The big news throughout baseball is Milwaukee’s trade for 2009 AL Cy Young winner Zack Greinke. Since its a slow news day, I thought I’d highlight some of the excellent analysis of this trade. I find this trade incredibly interesting for the primary reason that nobody seems to know who got the better end of it. Fangraphs Marc Hulet isn’t impressed with any of the four players Kansas City received. SI’s Joe Posnanski isn’t ready to write off the trade yet, but he isn’t optimistic Kansas City got anything of lasting value for their superstar pitcher.
Then there’s the other side, led by former BP’er Rany Jazayerli who covers the Royals at the aptly titled Rany on the Royals blog. Mr. Jazayerli thinks the Royals did well (“Maybe even very well”) to land the talent they did, but concedes, “I have colleagues who love this trade for the Royals (Kevin Goldstein). I have colleagues who think the Royals did poorly (Keith Law and Joe Posnanski). I have colleagues who think the Royals could have done better (Christina Kahrl). I have colleagues who think the Royals did alright, considering (Joe Sheehan and Rob Neyer).” Like any trade it will take years to sort out who really got the better of it, but the one thing we do know is Milwaukee’s starting staff of Greinke, Gallardo, Marcum, and Wolf looks pretty good.
Back to the Red Sox, R. J. Andeson of Fangraphs takes a look at the Sox acquisition of relief pitcher Dan Wheeler. Overall, he likes the move as Wheeler is at this point the fourth reliever in Boston’s pen. He wonders, though, how Wheeler’s fly ball tendencies will play in Fenway Park.

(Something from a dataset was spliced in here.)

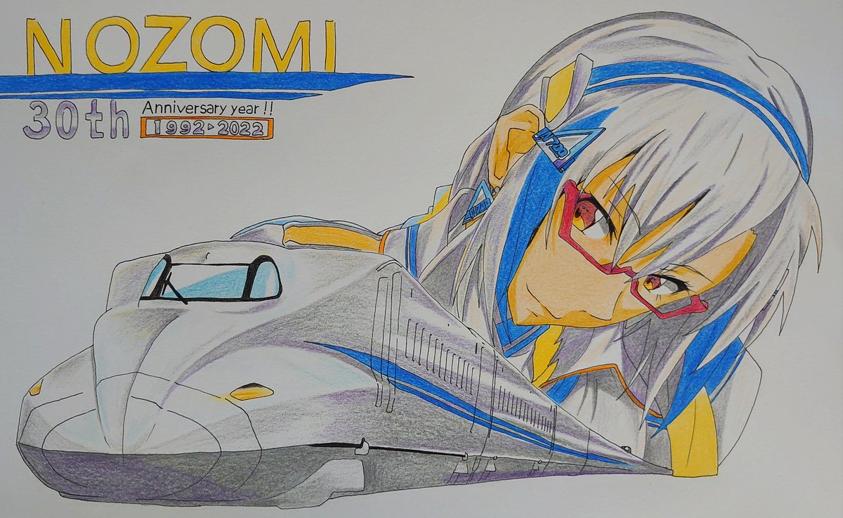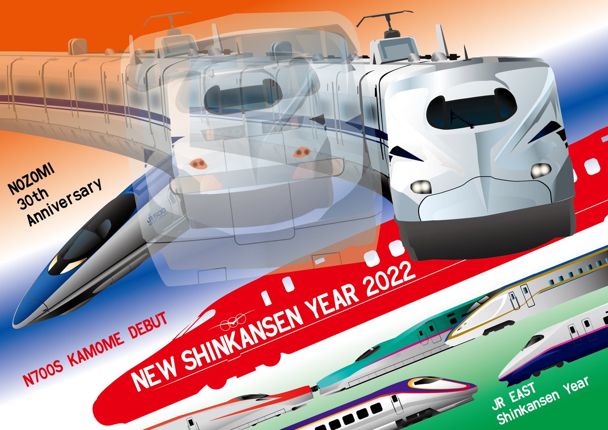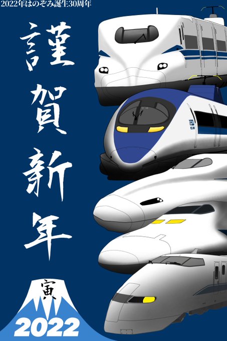 #あけましておめでとうございます #正月イラスト #のぞみ30周年 〜2022 Happy New Year!! 〜 新幹線アニバーサリーの1つ「のぞみ」が運行30周年を迎えるということでのぞみを担った車輌をTL向けの年賀状として新年1発目のイラストとして描き上げました!今年も当垢をよろしくおねがいします!!
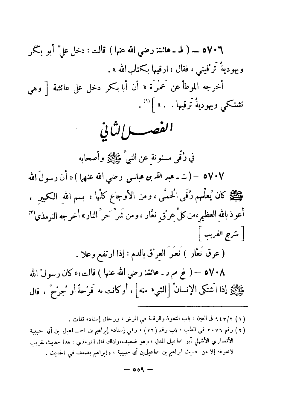 5707 - (ت) عبد الله بن عباس - رضي الله عنهما -: «أن رسول الله - صلى الله عليه وسلم- كان يُعلِّمهم رُقَى الحُمَّى، ومن الأوجاع كلِّها: بسم اللهِ الكبيرِ، أعوذ باللهِ العظيمِ، من كلِّ عِرْق نعَّار، ومن شَرِّ حَرِّ النار» أخرجه الترمذي (¬1) .

It sounds as if Yankees GM Brian Cashman is ready to go to Spring Training with the team he’s got, at least that’s what this ESPNBoston piece says. I’m skeptical this is anything but a smokescreen, but Steven Goldman of The Pinstriped Bible takes Cashman at his word and wishes the Yankees wouldn’t be so afraid of their own pitching prospects. Speaking of the Pinstriped Bible, they were hitting on all cylinders today, as Cliff Corcoran posted an in-depth piece on the Yankee bullpen. The fun part comes at the end when he compares New York’s pen to Boston’s (last paragraph).
Finally, there is an interesting post over at Sons of Sam Horn by OttoC who, after doing some extensive math, predicts the Red Sox current pitching staff to allow 668 runs next season. That’s 76 runs fewer than they allowed last year. Using the Replacement Level Yankees Weblog’s Pythagorean Record Calculator, if the Sox score the same number of runs as they did last year (818) a number that seems reasonably attainable, the Sox would project to win 96 games. If they’re able to up it to 900 runs scored, that makes them a 103-59 team. Many things (good and bad) can happen between now and 103 wins, but it sure does look good on paper, doesn’t it?